What should be copied is the stretch of entries below from the line with "Dois pacientes foram" up to and including the line with "Hex #403a33 Color", exactly and without images.
(Beginning of THE RECORDS)
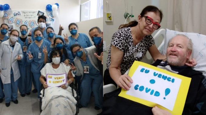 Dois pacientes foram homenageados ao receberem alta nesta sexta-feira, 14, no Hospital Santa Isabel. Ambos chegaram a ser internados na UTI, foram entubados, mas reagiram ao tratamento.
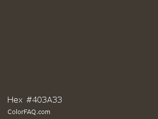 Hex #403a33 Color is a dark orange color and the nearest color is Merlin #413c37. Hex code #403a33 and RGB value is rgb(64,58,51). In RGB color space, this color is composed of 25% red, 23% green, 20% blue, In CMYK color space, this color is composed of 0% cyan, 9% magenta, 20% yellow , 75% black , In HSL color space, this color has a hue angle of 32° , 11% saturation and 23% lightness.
(End of THE RECORDS)
(Beginning of THE RECORDS)
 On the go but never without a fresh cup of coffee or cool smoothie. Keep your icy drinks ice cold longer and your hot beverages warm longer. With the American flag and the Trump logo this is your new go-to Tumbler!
(End of THE RECORDS)
(Beginning of THE RECORDS)
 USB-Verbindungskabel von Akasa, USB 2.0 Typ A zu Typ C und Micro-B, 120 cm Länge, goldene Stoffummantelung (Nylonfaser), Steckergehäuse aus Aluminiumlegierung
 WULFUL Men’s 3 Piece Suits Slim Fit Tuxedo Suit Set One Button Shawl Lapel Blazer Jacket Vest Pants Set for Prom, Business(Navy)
(End of THE RECORDS)
### RESULT
 Dois pacientes foram homenageados ao receberem alta nesta sexta-feira, 14, no Hospital Santa Isabel. Ambos chegaram a ser internados na UTI, foram entubados, mas reagiram ao tratamento.
 Hex #403a33 Color is a dark orange color and the nearest color is Merlin #413c37. Hex code #403a33 and RGB value is rgb(64,58,51). In RGB color space, this color is composed of 25% red, 23% green, 20% blue, In CMYK color space, this color is composed of 0% cyan, 9% magenta, 20% yellow , 75% black , In HSL color space, this color has a hue angle of 32° , 11% saturation and 23% lightness.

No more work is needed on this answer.